Another very enjoyable story! Thank you SO MUCH for making these available to use, greatly appreciated.
I admit to being among the hoard passionate amateurs who’s passion always fails to make up for lack of skill. I knew Gabor Ormai, violist of the Tackacs String Quartet very well when I lived and worked as a research meteorologist in Boulder, CO. His amateur passion was science while mine was music. One evening we treated he and his wife, Gyongyi, to dinner and dessert. He and Gabor Takacs-Nagy were preparing to play the Mozart Concertante in E flat with the orchestra in which I was Principal Second. We were all talking about something or other musical and he became quiet, sat back, crossed his arms, and said “I envy you.”
I was stunned. Here’s a world-class musician that made angelic music for which people paid dearly to hear. I said “Gabor… Why do you say that?” He leaned forward and said “Because, you make music when you want to. I make music because I *have* to.”
I’m a scientist and I truly love what I do. I’ve thought long and hard about that evening for forty years. I thought it was among the saddest things I’d heard anyone tell me because it meant that somehow, the joy had been wrung out of what he did.

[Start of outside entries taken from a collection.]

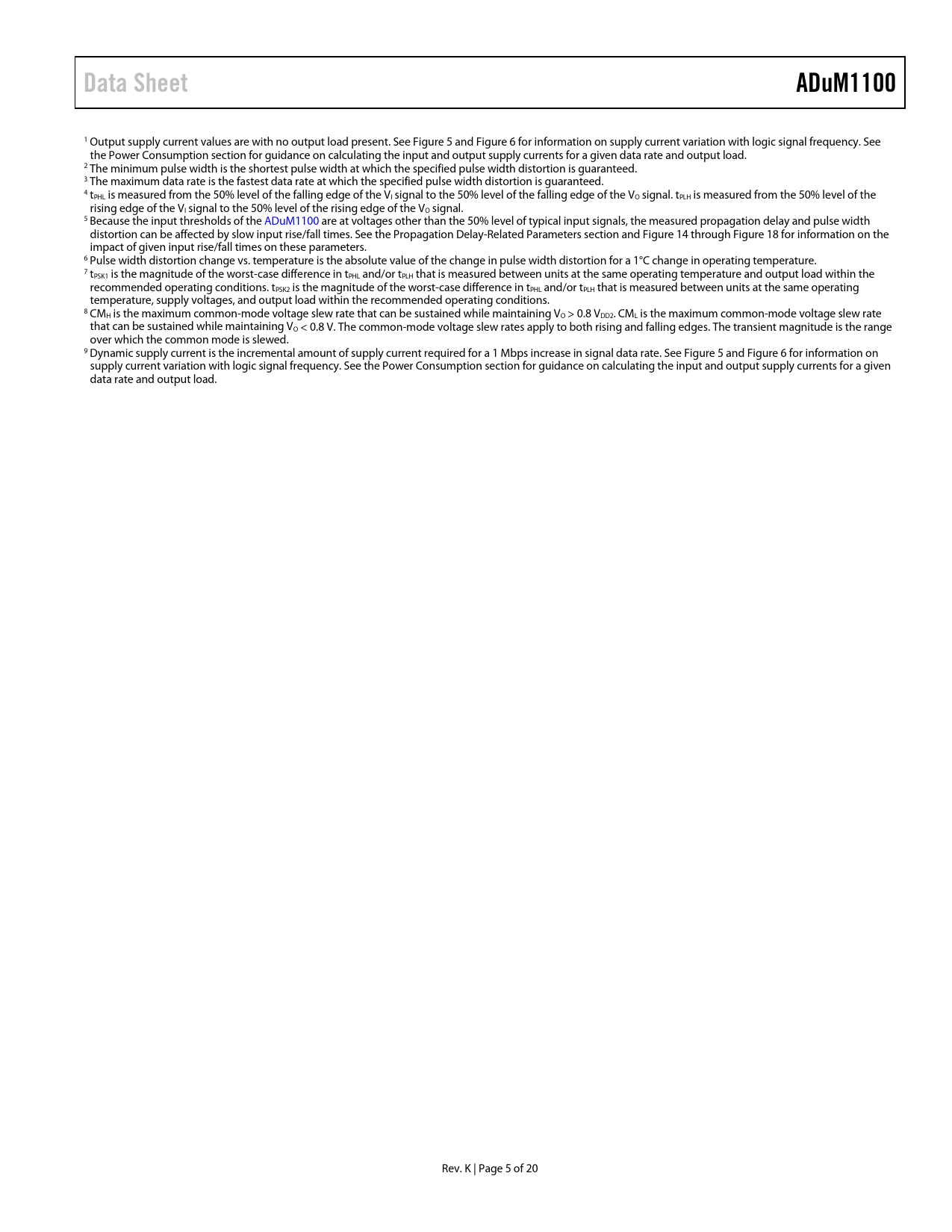 link to page 14 link to page 14 link to page 18 link to page 16 link to page 16 link to page 17 link to page 14 link to page 14 link to page 18 Data SheetADuM1100 1 Output supply current values are with no output load present. See Figure 5 and Figure 6 for information on supply current variation with logic signal frequency. See the Power Consumption section for guidance on calculating the input and output supply currents for a given data rate and output load. 2 The minimum pulse width is the shortest pulse width at which the specified pulse width distortion is guaranteed. 3 The maximum data rate is the fastest data rate at which the specified pulse width distortion is guaranteed. 4 tPHL is measured from the 50% level of the falling edge of the VI signal to the 50% level of the falling edge of the VO signal. tPLH is measured from the 50% level of the rising edge of the VI signal to the 50% level of the rising edge of the VO signal. 5 Because the input thresholds of the ADuM1100 are at voltages other than the 50% level of typical input signals, the measured propagation delay and pulse width distortion can be affected by slow input rise/fal times. See the Propagation Delay-Related Parameters section and Figure 14 through Figure 18 for information on the impact of given input rise/fall times on these parameters. 6 Pulse width distortion change vs. temperature is the absolute value of the change in pulse width distortion for a 1°C change in operating temperature. 7 tPSK1 is the magnitude of the worst-case difference in tPHL and/or tPLH that is measured between units at the same operating temperature and output load within the recommended operating conditions. tPSK2 is the magnitude of the worst-case difference in tPHL and/or tPLH that is measured between units at the same operating temperature, supply voltages, and output load within the recommended operating conditions. 8 CMH is the maximum common-mode voltage slew rate that can be sustained while maintaining VO > 0.8 VDD2. CML is the maximum common-mode voltage slew rate that can be sustained while maintaining VO < 0.8 V. The common-mode voltage slew rates apply to both rising and fal ing edges. The transient magnitude is the range over which the common mode is slewed. 9 Dynamic supply current is the incremental amount of supply current required for a 1 Mbps increase in signal data rate. See Figure 5 and Figure 6 for information on supply current variation with logic signal frequency. See the Power Consumption section for guidance on calculating the input and output supply currents for a given data rate and output load. Rev. K | Page 5 of 20 Document Outline FEATURES APPLICATIONS GENERAL DESCRIPTION FUNCTIONAL BLOCK DIAGRAM TABLE OF CONTENTS REVISION HISTORY SPECIFICATIONS ELECTRICAL SPECIFICATIONS—5 V OPERATION ELECTRICAL SPECIFICATIONS—3.3 V OPERATION ELECTRICAL SPECIFICATIONS—MIXED 5 V/3 V OR 3 V/5 V OPERATION PACKAGE CHARACTERISTICS REGULATORY INFORMATION INSULATION AND SAFETY-RELATED SPECIFICATIONS DIN V VDE V 0884-10 (VDE V 0884-10):2006-12 INSULATION CHARACTERISTICS RECOMMENDED OPERATING CONDITIONS ABSOLUTE MAXIMUM RATINGS ESD CAUTION PIN CONFIGURATION AND FUNCTION DESCRIPTIONS TYPICAL PERFORMANCE CHARACTERISTICS APPLICATION INFORMATION PC BOARD LAYOUT PROPAGATION DELAY-RELATED PARAMETERS METHOD OF OPERATION, DC CORRECTNESS, AND MAGNETIC FIELD IMMUNITY POWER CONSUMPTION OUTLINE DIMENSIONS ORDERING GUIDE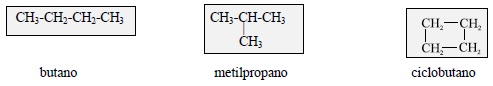 Tanto el butano como el metilpropano tienen la misma fórmula molecular (C4H10), sin embargo se trata de dos compuestos distintos, con una estructura y propiedades diferentes. Se dice entonces que son isómeros.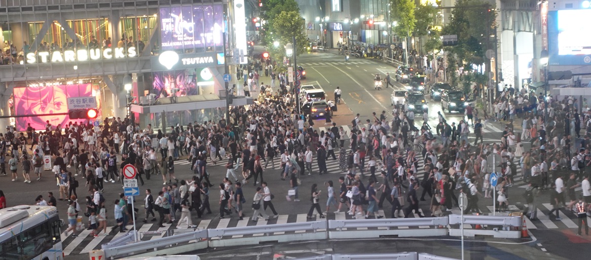 Shibuya Crossing in the early evening. This incredible display of organised chaos has something typically Japanese. Most of the traffic which passes while the people wait are taxis and buses, very few private cars. This could have been moved underground, as the traffic in all stations is coordinated, but instead they have allowed this extraordinary display of patient discipline to become a global icon, each crossing photographed by hundreds of tourists from the metro station overpass, or the opposite building windows. In that building, Starbucks oblige people to purchase their comestibles before gaining access to the few, awkwardly placed viewing windows.

I know how physically demanding and hard the work is and the injuries that often result (I’m an amateur but due to osteoarthritis and what playing I do, had to have my right shoulder reconstructed when all the tendons finally let go). I can only imagine how exhausting the constant traveling must be. But I cannot help but think that those of you who can make a living of your music must’ve gone into it because at some level you loved it. At least, that’s what I like to think…
Thank you for these lovely stories!!! Love Love Love! Hope you’re doing well! Always so thankful when thinking of you! Sending you a big hug!
You might enjoy my book “Music for the Love of It”, an historical look at amateur music-making. https://www.amazon.com/Music-Love-Episodes-Amateur-Music-Making/dp/9659278233
I will gladly send you a copy if you send me your address.
Beautiful little article!
I find chess to remind me of music- especially the patterns of how people tend to play- aggressively vs passively or passive-aggressively, as the case may be!
So well told. Thanks!
My favorite story in that vein is, after playing his recital Fritz Kreisler greeted well wishers in the Green room, when a young man strode up to the great man and stated, “Mr. Kreisler, that was magnificant; I would give my life to play like that.”, to which Kreisler is reputed to have said, “Young man, I did.”
The Longwood Symphony Orchestra is composed entirely of health-care professionals working in the Boston area. The orchestra was founded in 1982 and presents ~5 concerts annually at the New England Conservatory’s Jordan Hall. The repertoire is challenging (Mahler 1st Mendelssohn 4th..) and the performances compelling.